Ken Hutchinson said:


> Well done mate keep up the good work, you will have to change your name soon from onefatidiot to maybe onceafatidiot lol, only joking mate...reps for your hard work. :thumb:


haha went through all the username change thing on muscletalk :thumb:

Thanks:thumb:


----------



## cecil_sensation (Jan 26, 2009)

bloody hell mate

fair play you'v done really well.

what was your diet and exercise rountine like?


----------



## lookgoodnaked (Nov 11, 2008)

well done mate, amazing!! makes me think i shud try and shed my fat again! Your a great inspiration


----------



## onefatidiot (Sep 10, 2009)

oliver Roberts said:


> bloody hell mate
> 
> fair play you'v done really well.
> 
> what was your diet and exercise rountine like?

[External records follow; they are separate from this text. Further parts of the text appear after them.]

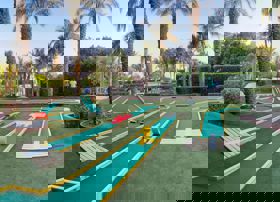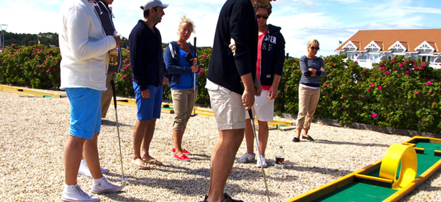 Die 9-Loch-Bahn, die aus City Basic-Bahnen mit diversen Crazy-Hindernissen besteht, hat eine idyllische Lage direkt am Meer. Beim Warten, bis man an der Reihe ist, kann man sich die Boote am Kai ansehen und nach dem Match lockt vielleicht ein kühles Bad im nördlichen Abschnitt des Sotekanals. Anlässlich der Einweihung am Mittsommertag wurde ein 24-stündiger Wettkampf mit verschiedenen Klassen ausgetragen. Die Teilnehmer durften beliebig viele Runden spielen, um ein bestmögliches Ergebnis zu erzielen, und konnten ihre Scorekarten zu jeder beliebigen Tages- und Nachtzeit abgeben. Über 200 Runden wurden eingereicht, doch wie allgemein bekannt, kann nur einer zum Sieger gekürt werden. Das beste Ergebnis waren fünfzehn Schläge auf 9 Löcher – ein imponierendes Ergebnis, das die Klasse der 7- bis 12-Jährigen erzielte. Deshalb ein guter Rat an alle Eltern: Diesen Sommer sollten Sie hart trainieren, wenn Sie sich mit den Jugendlichen messen wollen!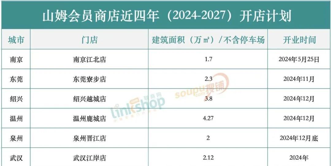 2024-2027年山姆开业名单,是“联商网”调查统计。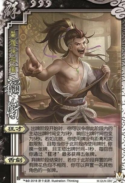 2016年,祢衡的上线打碎了彼时的三国杀游戏环境。凭借【狂才】+【舌剑】顶级的多刀、摸牌、拆迁,直接干碎了那个时代的全部武将。个人强度极高,现在依旧强力,祢衡顺利成为三国杀最强单挑王!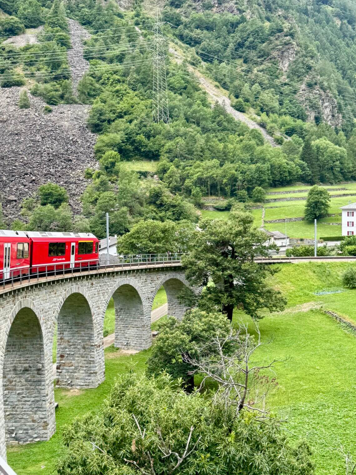 Het is nog aardig rustig in de trein. Met de populariteit had ik massa’s mensen verwacht, maar dat valt mee. Wel zie je dat het een toeristisch uitstapje is, maar dat is logisch gelet op de prachtige route. We passeren prachtige uitzichtpunten, maken natuurlijk stopjes om foto’s te maken en steken valleien over via hoge bruggen. Na zo’n 2 uur kom ik in het Italiaanse Tirano uit.

I have an example day diet on the first page mate

Exercise differed and changed literally all the time

Really was mixed , alot of intense cardio and lots of deadlifting.

Had allsorts of different plans that changed every month or so.

Have a 3x15 plan at the mo and plenty of cardio thrown in.


----------



## onefatidiot (Sep 10, 2009)

lookgoodnaked said:


> well done mate, amazing!! makes me think i shud try and shed my fat again! Your a great inspiration


Thanks :thumbup1:

Get stuck in mate , it is the best way. Once you start , just do not look back and you will achive your goals you set out to get to.


----------



## onefatidiot (Sep 10, 2009)

Diet

*Example day*

*Brekkie* Oats or yoghurt & fruit

*Snack* Handfull nuts or rivita , apple

*Lunch* Chicken breast or turkey breast , salad

*Pre work out* Whey in water , sometimes with oats

*Post workout* Whey , water , banana , yoghurt

*Dinner* Big steak or chicken or turkey , salad or veg , fruit or yoghurt

*snack* Usually apple


----------



## dax (Jul 25, 2009)

Hi mate, do you not have a protein source at brekkie?


----------



## onefatidiot (Sep 10, 2009)

dax said:


> Hi mate, do you not have a protein source at brekkie?


Yeah , i sometimes throw in abother whey smoothie bewteen brekkie and lunch.

My diet always depends on if i am lifting or doing a cardio day.


----------



## dax (Jul 25, 2009)

onefatidiot said:


> Yeah , i sometimes throw in abother whey smoothie bewteen brekkie and lunch.
> 
> *My diet always depends on if i am lifting or doing a cardio day*.


Fair enough mate, i totally agree.


----------



## onefatidiot (Sep 10, 2009)

dax said:


> Fair enough mate, i totally agree.


I eat less and smaller meals on cardio days and take in alot more protein and cut complex carbs right down

If i am just lifting , i up the complex carbs and protein.


----------



## dax (Jul 25, 2009)

onefatidiot said:


> I eat less and smaller meals on cardio days and take in alot more protein and cut complex carbs right down
> 
> If i am just lifting , i up the complex carbs and protein.


Cool mate, yes im doing much the same now. Targeting carbs etc. around what im doing that day.

When i originally bulked i just followed the heard and ate tons of food all day everyday and while i did gain some decent weight half of it was fat and water.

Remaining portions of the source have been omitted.